* [Data provided]:
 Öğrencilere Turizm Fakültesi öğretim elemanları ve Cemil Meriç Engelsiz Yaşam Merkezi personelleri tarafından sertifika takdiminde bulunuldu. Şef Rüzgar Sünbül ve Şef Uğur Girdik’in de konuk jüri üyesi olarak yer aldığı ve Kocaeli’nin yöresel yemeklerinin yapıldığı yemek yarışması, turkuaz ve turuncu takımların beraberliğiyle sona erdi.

* * *

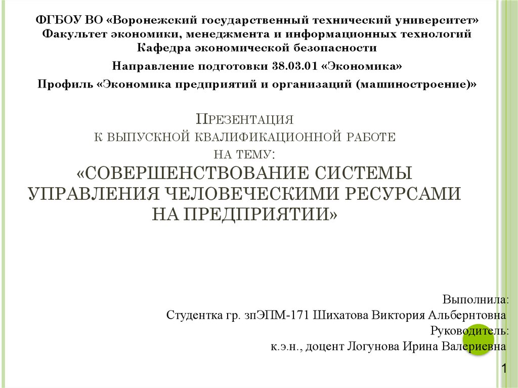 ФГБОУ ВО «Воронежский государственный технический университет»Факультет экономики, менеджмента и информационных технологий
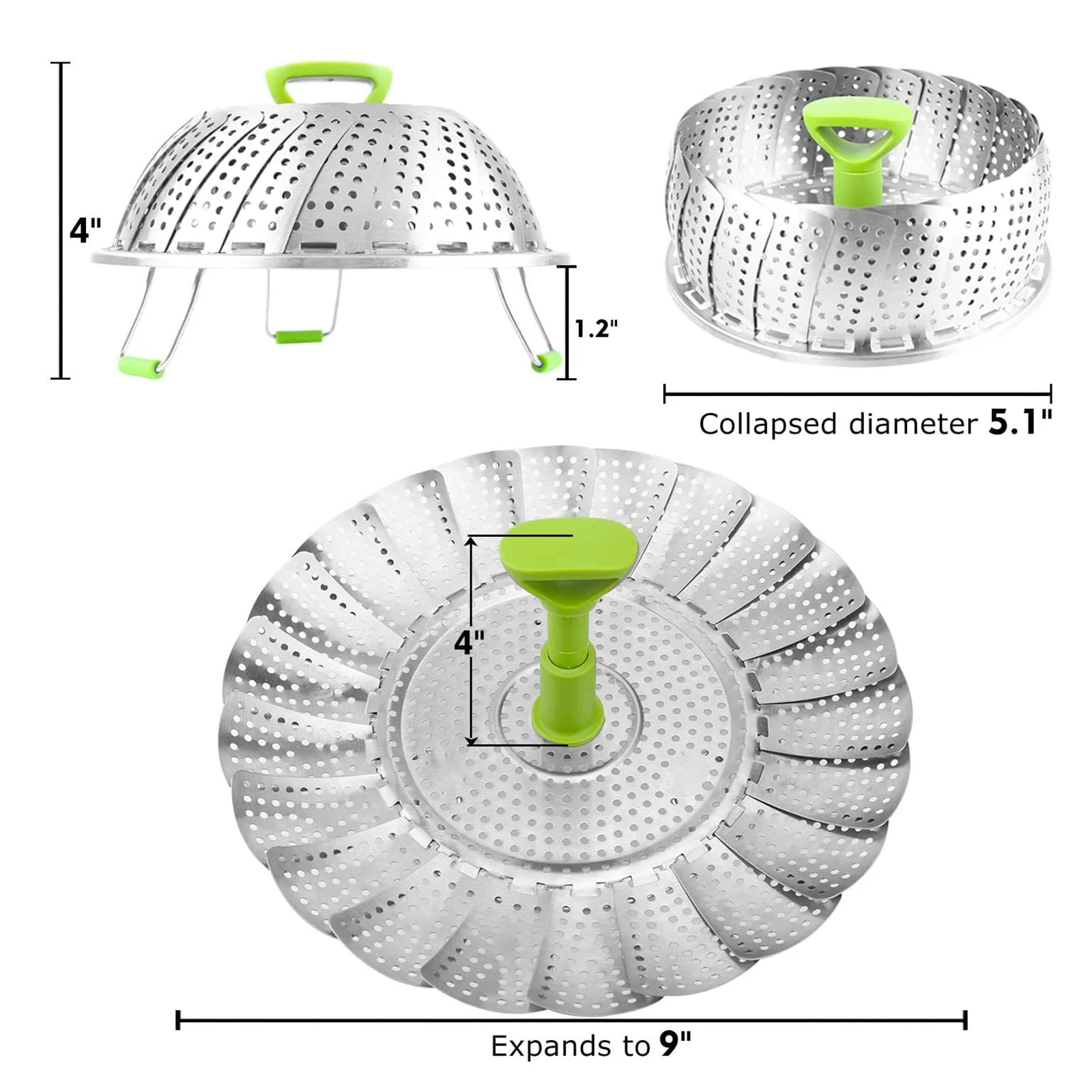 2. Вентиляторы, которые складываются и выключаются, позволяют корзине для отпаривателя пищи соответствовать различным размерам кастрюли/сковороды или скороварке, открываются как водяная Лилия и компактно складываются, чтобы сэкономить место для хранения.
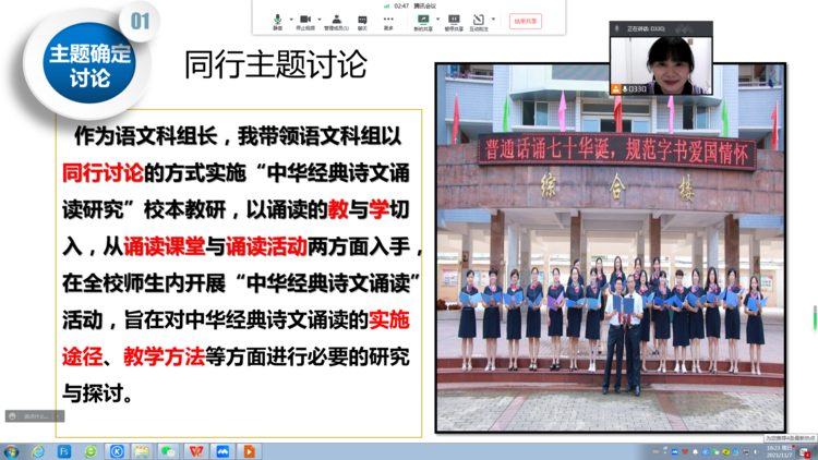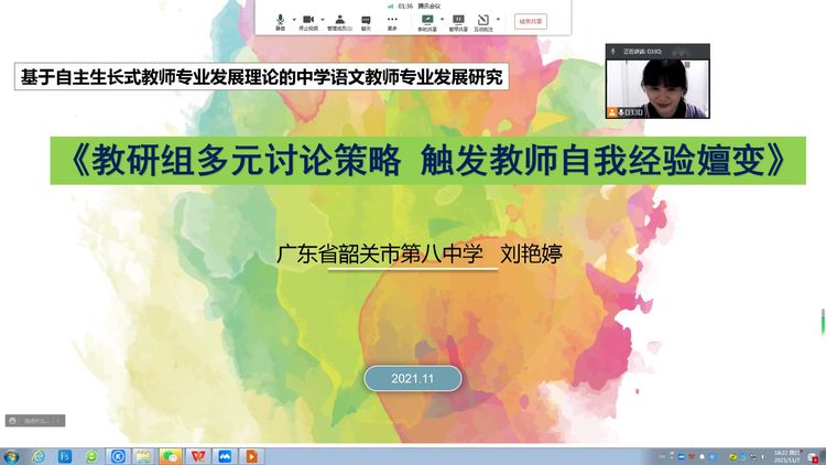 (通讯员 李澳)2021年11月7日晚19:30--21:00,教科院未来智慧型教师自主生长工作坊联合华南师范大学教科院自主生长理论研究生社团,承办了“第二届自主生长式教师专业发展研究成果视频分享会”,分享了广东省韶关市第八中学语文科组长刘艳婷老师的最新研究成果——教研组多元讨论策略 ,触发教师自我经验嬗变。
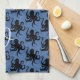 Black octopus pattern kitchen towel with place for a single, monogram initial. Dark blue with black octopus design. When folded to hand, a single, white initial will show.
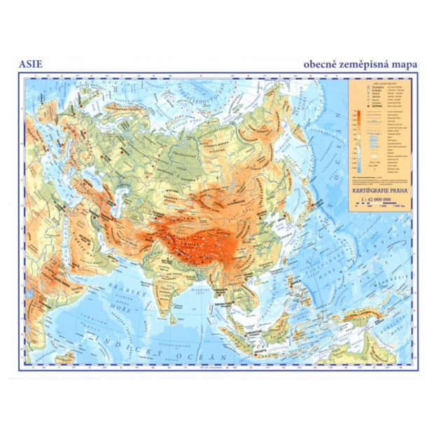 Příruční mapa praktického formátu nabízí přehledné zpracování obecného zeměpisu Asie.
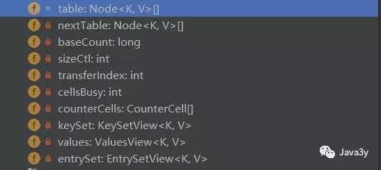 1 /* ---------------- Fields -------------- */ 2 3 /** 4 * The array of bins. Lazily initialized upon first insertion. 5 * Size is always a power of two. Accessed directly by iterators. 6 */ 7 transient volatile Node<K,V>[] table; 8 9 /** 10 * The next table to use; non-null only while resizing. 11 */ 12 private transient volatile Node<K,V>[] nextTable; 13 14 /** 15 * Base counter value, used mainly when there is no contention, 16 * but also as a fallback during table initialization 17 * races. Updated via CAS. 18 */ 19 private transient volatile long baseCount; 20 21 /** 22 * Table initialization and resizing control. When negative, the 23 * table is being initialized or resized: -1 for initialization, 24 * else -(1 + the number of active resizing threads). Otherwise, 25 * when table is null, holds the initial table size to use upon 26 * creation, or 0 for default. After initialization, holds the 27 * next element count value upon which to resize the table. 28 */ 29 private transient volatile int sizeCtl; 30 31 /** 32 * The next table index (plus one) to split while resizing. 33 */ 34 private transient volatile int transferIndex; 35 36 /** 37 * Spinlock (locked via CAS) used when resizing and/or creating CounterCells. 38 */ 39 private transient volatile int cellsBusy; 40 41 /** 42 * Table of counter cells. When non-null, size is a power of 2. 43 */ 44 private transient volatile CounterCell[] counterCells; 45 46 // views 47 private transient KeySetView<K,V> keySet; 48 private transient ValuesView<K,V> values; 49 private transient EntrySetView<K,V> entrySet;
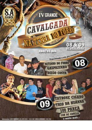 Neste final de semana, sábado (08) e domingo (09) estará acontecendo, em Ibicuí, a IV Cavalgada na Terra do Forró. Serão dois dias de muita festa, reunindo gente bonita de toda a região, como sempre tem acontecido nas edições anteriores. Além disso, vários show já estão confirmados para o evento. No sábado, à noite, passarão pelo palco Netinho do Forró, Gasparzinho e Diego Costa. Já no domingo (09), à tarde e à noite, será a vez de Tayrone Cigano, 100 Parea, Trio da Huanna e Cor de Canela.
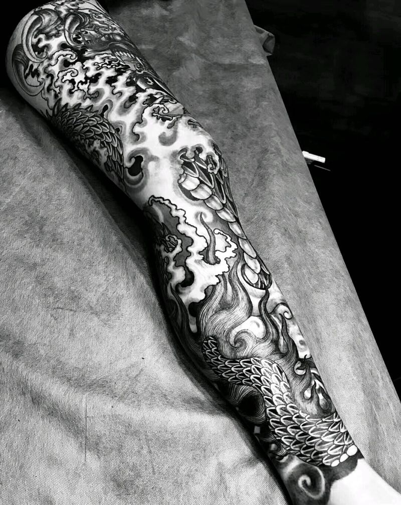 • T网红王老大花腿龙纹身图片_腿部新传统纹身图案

* [Instructions to follow]:
Beginning with the line above that contains "Black octopus pattern" and finishing with the line that contains "Příruční mapa praktického", print those lines exactly and only. Skip all pictures.

* [Exercise result]:
 Black octopus pattern kitchen towel with place for a single, monogram initial. Dark blue with black octopus design. When folded to hand, a single, white initial will show.
 Příruční mapa praktického formátu nabízí přehledné zpracování obecného zeměpisu Asie.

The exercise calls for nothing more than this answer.